■ **Task to complete**
The expected output is each line from the one containing "淡水泉旗下产品同样哀鸿遍野,已披露净值数" to the last line of the data below, set down exactly, minus the pictures.

■ **Data**
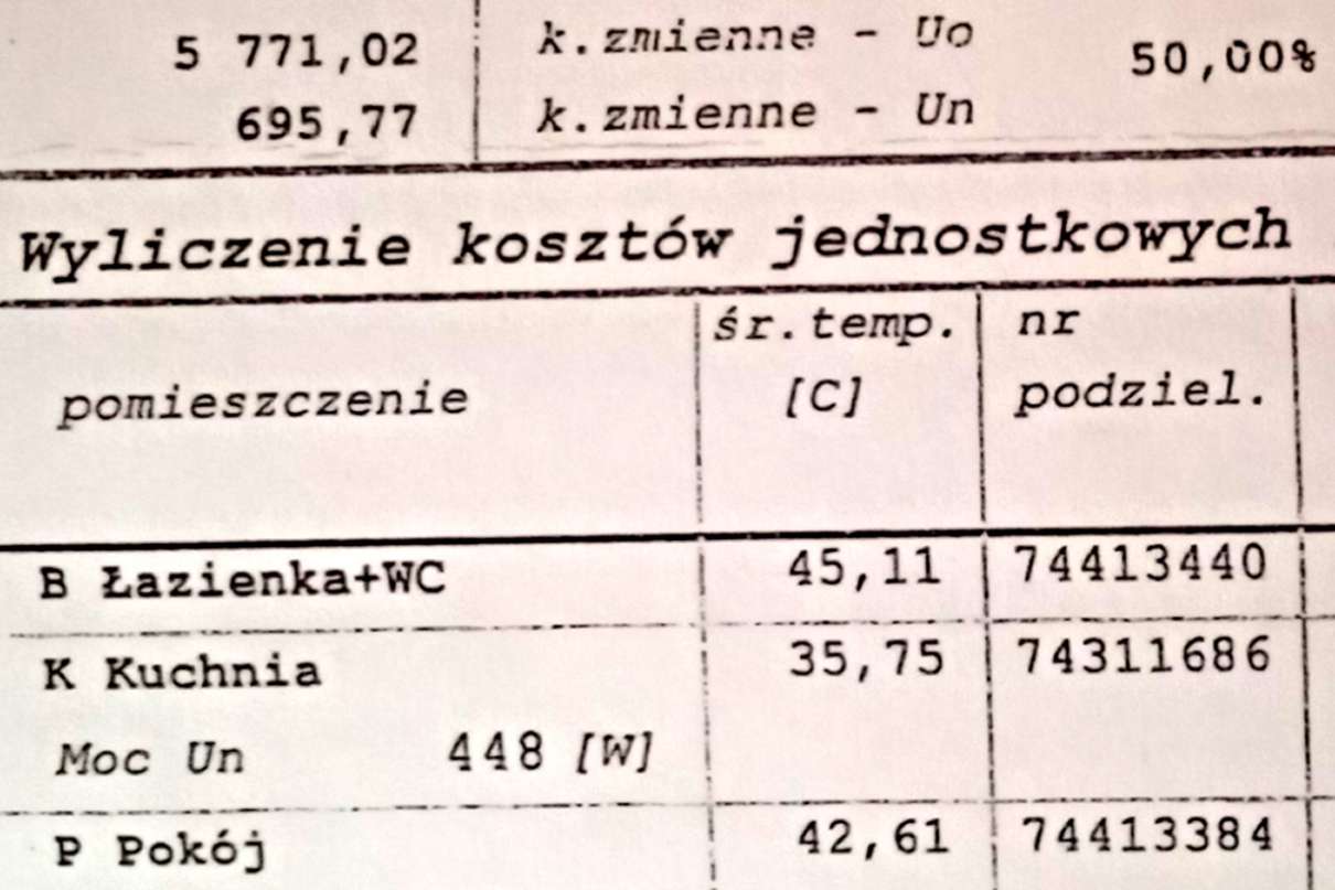 Po pewnym okresie z poznańskiej Uniki nadeszła kolejna korespondencja. Znajdował się w niej nowy rachunek. Opiewał na kwotę ponad 565 zł. Według nowego rozliczenia w łazience było 19,2 stopnia Celsjusza, w kuchni o jeden stopień mniej, w obu pokojach nieznacznie ponad 20 stopni. Czyli normalnie.
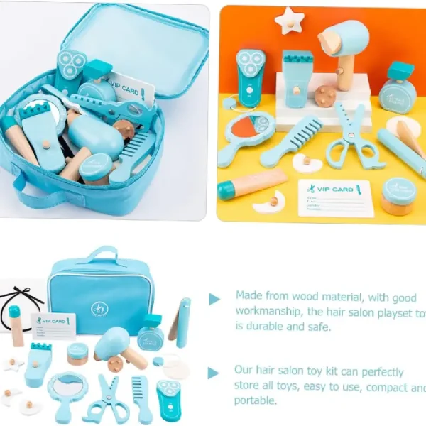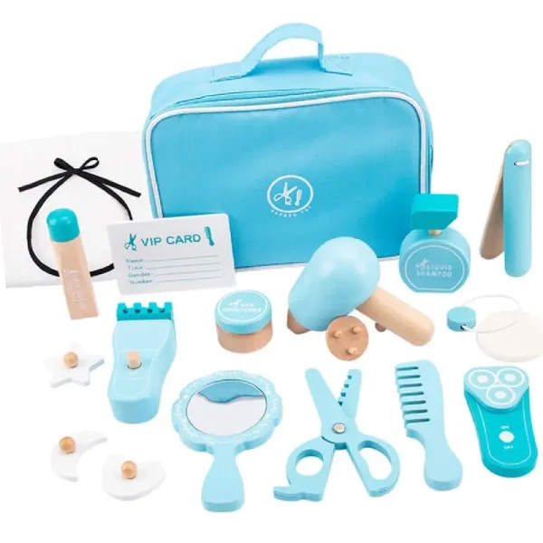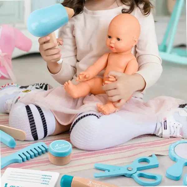 Trusa Coafat Jucarie de Rol din Lemn include:
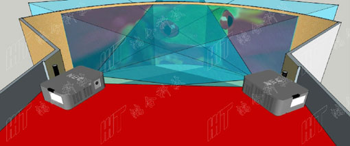 香港歷史3D影廳內采用一臺NEC NP-PX803UL-BK+投射弧幕3D,通過3D紅外發射器及3D主動立體眼鏡實現3D效果。
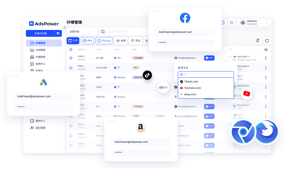 ① AdsPower(指纹浏览器,能够统一管理速卖通、亚马逊、eBay、Shopify 等多个电商平台的店铺 。每个账号都在独立隔离的环境中运行,有效降低账号被封禁的风险,让卖家在不同市场中都能顺畅运营):https://share.adspower.net/aikuajing
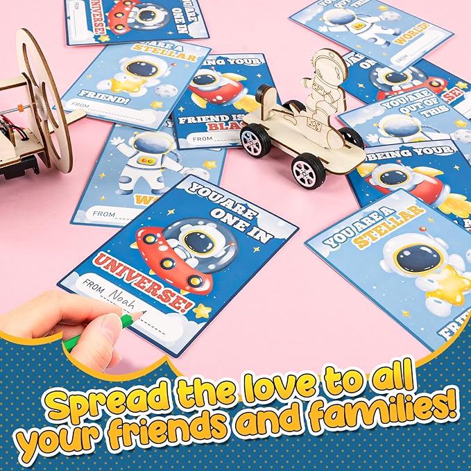 - 【Spread Love and Friendship】Along with the STEM kits, each set comes with 24 beautifully designed Valentine’s Day cards featuring 4 different astronaut themes. Each card includes a unique punchline and space to write a personalized message, helping children strengthen friendships and build connections. It’s the perfect way for kids to express their affection and appreciation while having fun assembling their own toys!
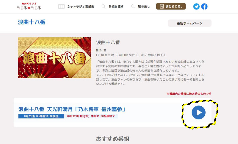 最近のNHKラジオは「らじる★らじる」経由で録音できると共に、全てではないものの「聴き逃し」サービスとして、 過去の番組も一週間ほどは聞けるようになっている。
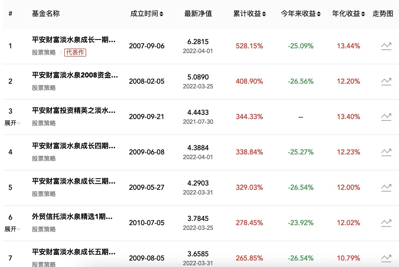 淡水泉旗下产品同样哀鸿遍野,已披露净值数据的215只产品一季度全部亏损,跌幅超过20%的有159只。其代表作“平安财富淡水泉成长一期集合资金信托”今年亏25.09%,该产品2007年成立以来累计收益率528.15%,期间最大回撤42.81%,出现在今年3月15日。
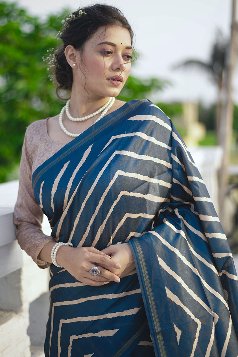 Get gorgeous in this blue tussar silk saree which will make you absolutely classy.
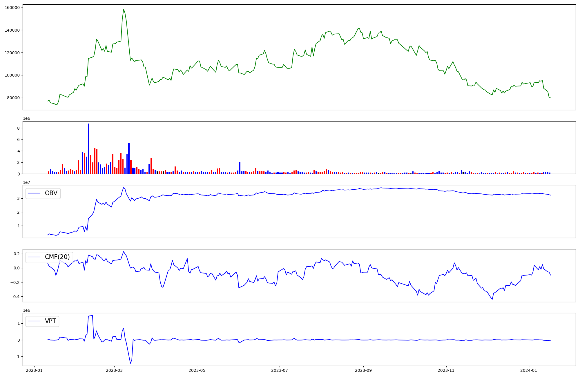 | OBV | CMF | VPT | |

■ **Output of the exercise**
 淡水泉旗下产品同样哀鸿遍野,已披露净值数据的215只产品一季度全部亏损,跌幅超过20%的有159只。其代表作“平安财富淡水泉成长一期集合资金信托”今年亏25.09%,该产品2007年成立以来累计收益率528.15%,期间最大回撤42.81%,出现在今年3月15日。
 Get gorgeous in this blue tussar silk saree which will make you absolutely classy.
 | OBV | CMF | VPT | |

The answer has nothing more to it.